Does anyone out there have a good example of a process to check a history file of processed records to see which incoming records haven’t already been processed? I’m using this in some processing where we get new sets of data that often include records which were previously supplied and don’t need to be processed again. The entire history is written out to a clover file at the end of the initial process, so we have that to check against.
I’m currently working on a solution using joins, but wondering if there is an easier way to do it. It would be easy to do with a SQL Query (Select * FROM NewData where KeyField NOT IN (select KeyField from HISTORY), but we don’t have the data written out to databases.
Any ideas what’s the most efficient way to do this using the clover components?

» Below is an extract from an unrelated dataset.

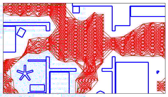 Methods from the first category commonly use a bottom-up approach: Here, a classifier determines which type of room surrounds a given place, based on sensor data the robot recorded at that point. For example, Mozos et al. [] distinguish corridors, rooms, and doorways by applying a boosting classifier to features extracted from laser range scans. The authors apply this scheme to simulated scans generated from an occupancy grid map to classify the map’s cells. Connected cells with the same label are then joined together into regions, thus accomplishing room segmentation.

Probably the most suitable solution is to use the DataIntersection component which is designed to this kind of job. However, you will need to sort the inputs, so if you process large amount of data it can be memory or HDD space consuming (depending on which sort component you choose, your memory settings and number of records). I attached a sample graph, where it is shown.
The DataIntersection has 3 outputs. Following is the layout of the DataIntersection outputs in the sample graph.

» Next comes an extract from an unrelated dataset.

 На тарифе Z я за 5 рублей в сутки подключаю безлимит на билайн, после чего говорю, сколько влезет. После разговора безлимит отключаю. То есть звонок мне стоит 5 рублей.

1. Records that weren’t processed yet.
2. Records that are processed again.
3. Records that were already processed, but aren’t processed again.

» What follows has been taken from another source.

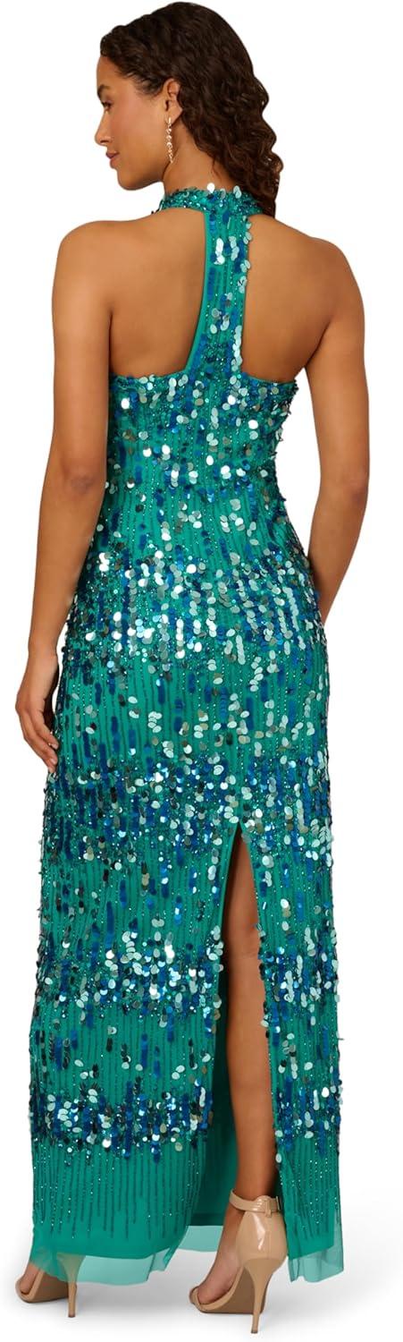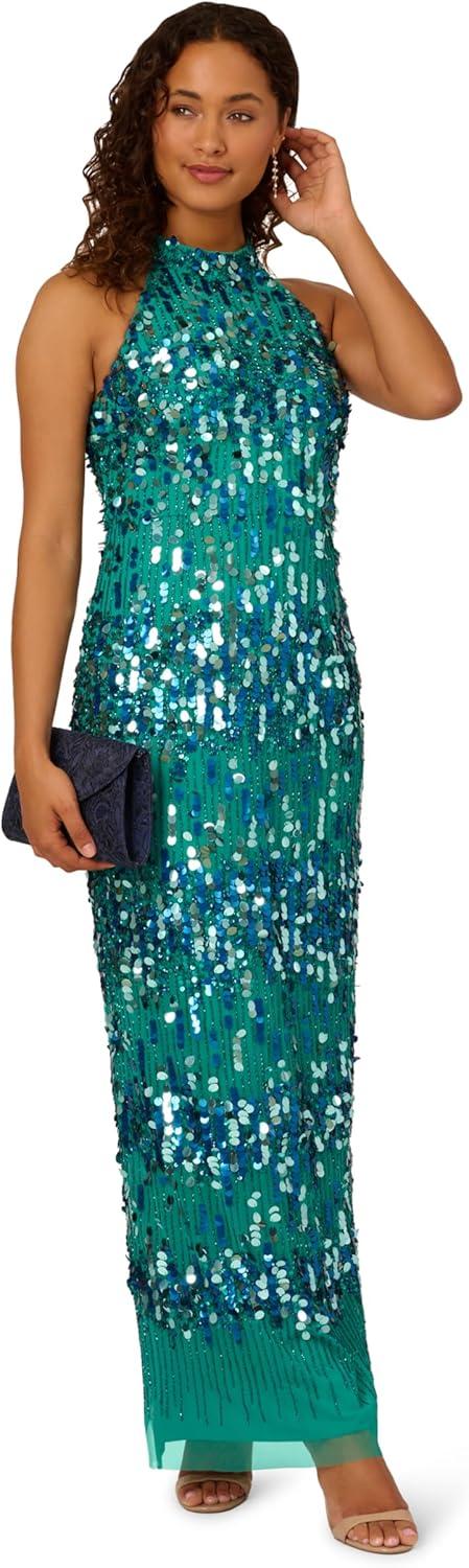 Adrianna Papell Women’s Beaded Halter Long Dress(Exotic Jade)

Here are some hints, you may find useful. If you don’t need to update the status (or contents) of already processed records, you can save only the key values, which are used to match processed and unprocessed records. This can save you memory or HDD space when the sort component process the records. Using the Clover file format can speed up processing the file. However, if you plan to use it outside of the CloverETL software, it will be wise to use some universal file format.